Adapun yang menjadi kegiatan pengembangan ruang terbuka hijau kota jangka pendek antara lain:
1.      Reungsionalisasi dan pengamanan jalur-jalur hijau alami, seperti di sepanjang tepian jalan raya, jalan tol, saluran teknis irigasi, TPU, dll.
2.      Mengisi dan memelihara taman-taman kota yang sudah ada, sebaik-baiknya dan berdasarkaan pada prinsip ungsi pokok RTH (indentiikasi dan Keindahan) Masing-masing lokasi,
3.      Memberikan ciri-ciri khusus pada tempat-tempat strategis, seperti bats-bats kota dan alun-alun kota
4.      Memotivasi dan memberikan insentif secara material (subsidi) dan moral terhadap peran serta masyarakat dalam pengembangan dan pemeliharaan Ruang terbuka hijau secara optimal, baik melalui proses perencanaan kota, maupun gerakan-gerakan penghijauan,
5.      Memberikan prasarana penunjang dalam pengembangan Ruang terbuka hijau, yaitu tenaga-tenaga teknisi yang bisa menyampaikan konsep, ide serta pengalamannya dalam mengelola RTH, misalnya pada acara penyelenggaraa  pelatihan dan pendidikan pada Pusat Pendidikan dan Pelatihan Pusdiklat.[6]

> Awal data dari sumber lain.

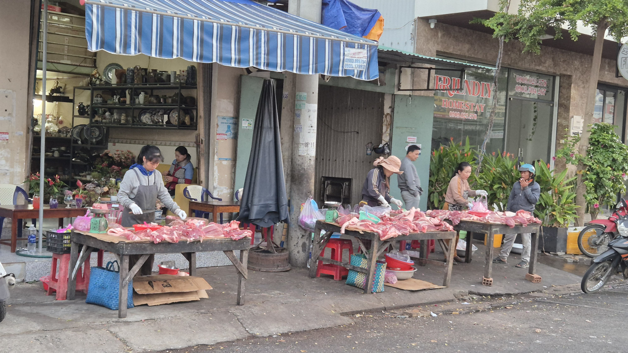 Das einfache Städtchen Kon Tum liegt am Dak Bla River auf 525m. Wir blieben zur Erholung 4 Nächte im Hotel Friendly Homestay. Abgesehen vom Gewerbe das früh morgens um 4h im Parterre Fleisch hackend den Tag einklopfte, war alles perfekt und gemütlich. Um die Gegend zu erkunden, mieteten wir bei der Besitzerin für 3 Tage ein Moto.

Kemudian, mengenai pemanfaatan ruang terbuka hijau ditegaskan dalam pasal 12 .
(1)   Pemanfaatan RTHKP mencakup kegiatan pembangunan baru, pemeliharaan, dan pengamanan ruang terbuka hijau.
(2)   Pemanfaatan RTHKP publik dikelola oleh Pemerintah Daerah dengan melibatkan para pelaku pembangunan.
(3)   RTHKP publik tidak dapat dialihfungsikan.
(4) Pemanfaatan RTHKP publik sebagaimana dimaksud pada ayat (2) dapat dikerjasamakan dengan pihak ketiga ataupun antar pemerintah daerah.
(5)   Pemanfaatan RTHKP privat dikelola oleh perseorangan atau lembaga/badan hukum sesuai dengan peraturan perundangan-undangan.
(6) Pemanfaatan RTHKP diperkaya dengan memasukkan berbagai kearifan lokal dalam penataan ruang dan konstruksi bangunan taman yang mencerminkan budaya setempat.
Selanjutnya, menurut Pasal 14, Pengendalian terhadap ruang terbuka hijau meliputi:
(1) Lingkup pengendalian RTHKP meliputi:
a. target pencapaian luas minimal;
                     b. fungsi dan manfaat;
       c. luas dan lokasi; dan
       d. kesesuaian spesifikasi konstruksi dengan desain teknis.
(2)   Pengendalian RTHKP sebagaimana dimaksud pada ayat (1) dilakukan melalui perizinan, pemantauan, pelaporan dan penertiban.
(3)   Penebangan pohon di areal RTHKP publik dibatasi secara ketat dan harus seizin Kepala Daerah.
Adapun bentuk pelaporan yang dapat dilakukan sehubungan dengan kegiatan ruang terbuka hijau ditegaskan dalam  Pasal 16:
(1) Bupati/Walikota melaporkan kegiatan penataan RTHKP kepada Gubernur paling sedikit 1 (satu) tahun sekali dan sewaktu-waktu apabila diperlukan.
(2) Gubernur melaporkan kegiatan penataan RTHKP sebagaimana dimaksud pada ayat (1) kepada Menteri Dalam Negeri paling sedikit 1 (satu) tahun sekali dan sewaktu-waktu apabila diperlukan.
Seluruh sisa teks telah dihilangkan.